ZeroGUI: Automating Online GUI Learning at Zero Human Cost
Chenyu Yang, Shiqian Su, Shi Liu, Xuan Dong, Yue Yu, Weijie Su, Xuehui Wang, Zhaoyang Liu, Jinguo Zhu, Hao Li, Wenhai Wang, Yu Qiao, Xizhou Zhu, Jifeng Dai
2025-05-30
Summary
This paper talks about ZeroGUI, a system that teaches computer programs to understand and interact with online interfaces automatically, without needing people to help much.
What's the problem?
The problem is that training AI to use websites or apps by learning how to click buttons and fill forms usually requires a lot of human effort and time to guide the learning process.
What's the solution?
The researchers created ZeroGUI, which uses AI models that understand both images and language to create tasks and judge how well the AI is doing.
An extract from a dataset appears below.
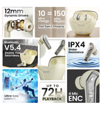 Fitpro X ATOM Premium TWS Earbuds with Atom Audio, 52H Playback Bluetooth
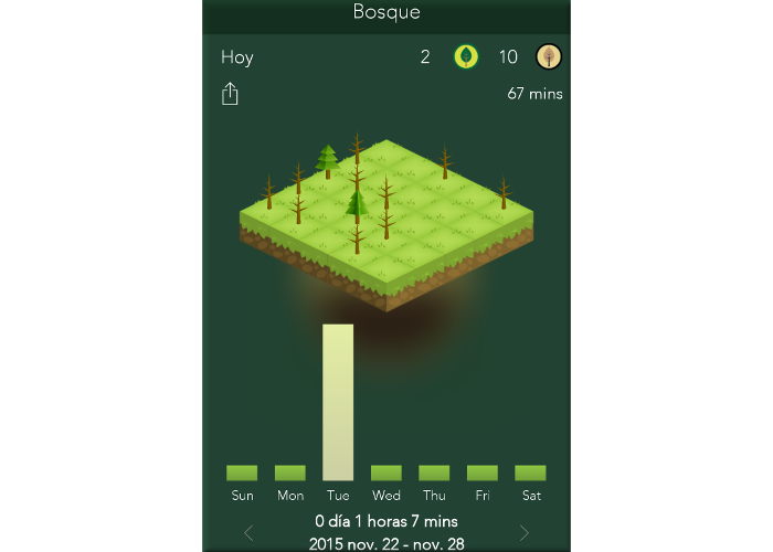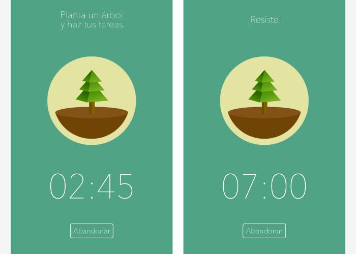 Esta aplicación la verdad es que es bastante fácil de utilizar y está muy bien pensada. El objetivo consiste en plantar un árbol y no dejar que este se muera. Si sobrevive pasará a formar parte del jardín de ese mismo día (por ejemplo el del lunes), y al día siguiente pasará lo mismo pero con un jardín diferente (el del martes). Fácil, ¿verdad? La dificultad no está en el cómo se utiliza, sino en el cómo no matar el árbol. Bien, el árbol morirá si se te ocurre salir de la aplicación, por lo que tendrás que dejar tu dispositivo bloqueado y no tocarlo en el tiempo que hayas preestablecido.

This way, the AI can learn to use online interfaces by itself, with almost no human help.
Why it matters?
This is important because it can make it much easier and faster to develop smart programs that can use websites or apps on their own, which could help automate many online tasks and improve how AI interacts with digital tools.
Abstract
ZeroGUI is an online learning framework that uses Vision-Language Models for task generation and reward estimation, enhancing GUI Agents' performance with minimal human intervention.